The odds are that the French president will draw the opposite conclusion from the vote, and decide that it's time to stop rocking his party's boat. Vociferous opposition to his reform isn't just coming from the National Front: the far left, both within and outside the Socialist party, keeps criticising Hollande's year-old "supply shock" policies.
 
Signs that the limited reform programme was coming to a halt were already showing before the vote. There were clearly hopes that the stronger-than-expected Eurozone recovery and the European Central Bank's quantitative easing programme might help spare Paris some difficult decisions.

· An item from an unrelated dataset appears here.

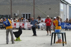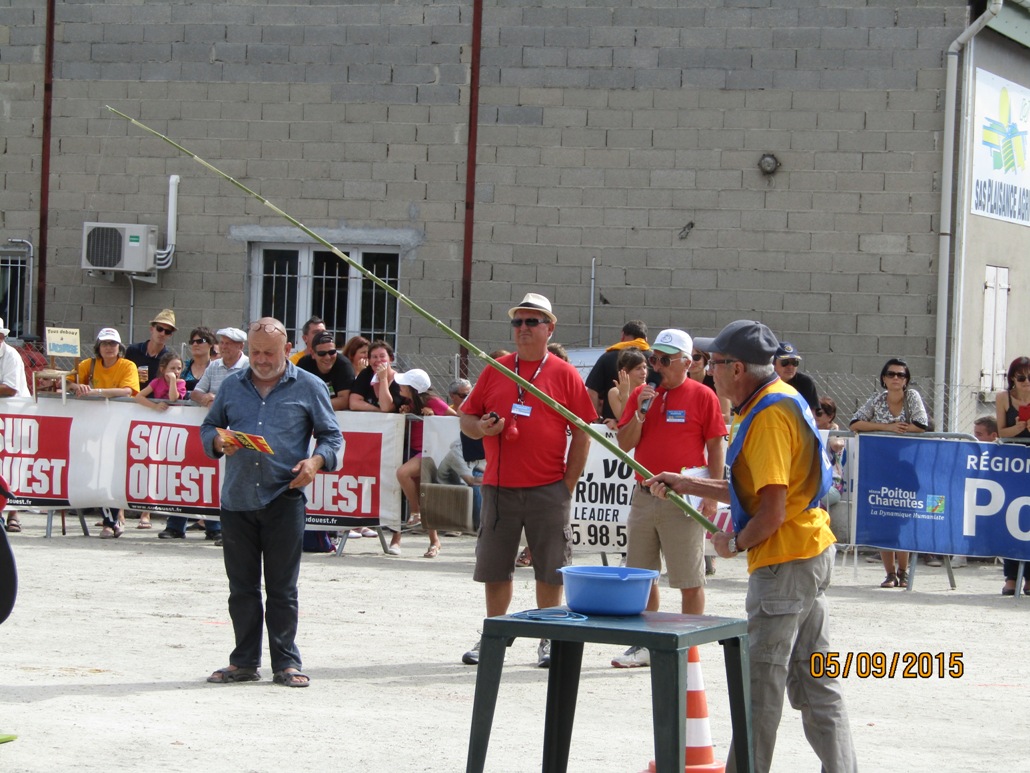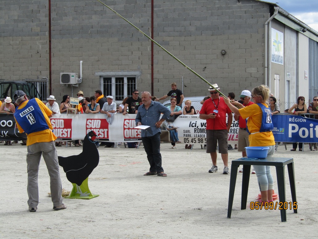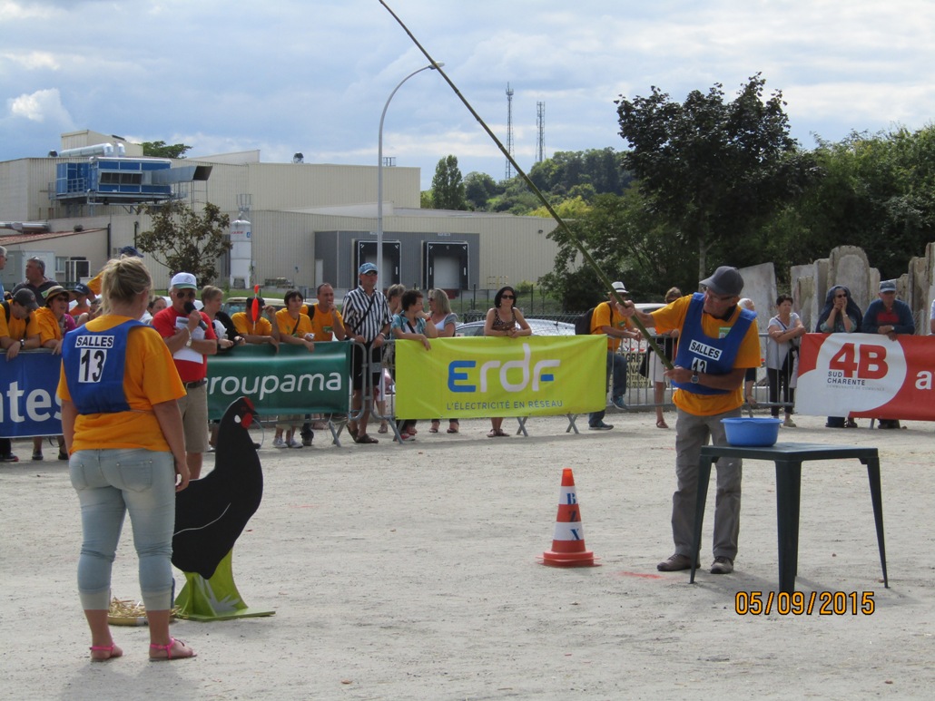 Samedi 15h : la poule de Barbezieux (un concours de pêche bien particulier : mettre le maximum de collier au tour du cou d’une poule en bois avec une canne à pêche )

Hollande's only serious pledge as a presidential candidate was to stop unemployment from rising. As of the most recent report, he was failing. France was one of only three Eurozone member countries with a rising unemployment rate in January. At 10.2 per cent, it is above the Eurozone's 9.8 per cent. Now the president will be tempted to wait it out, since the labour market should improve in coming months whatever he does - or rather doesn't.

France's unemployment curse predates the 2008 recession. It will not be lifted by a regional recovery, or by any one radical magic reform. A stronger labour market will only emerge after a series of patient, determined and unspectacular changes.

Those changes require a government with enough authority to take on entrenched interests and convince unions and employers to negotiate. That authority is now clearly lacking, only two years before a presidential election whose campaign has de facto just started.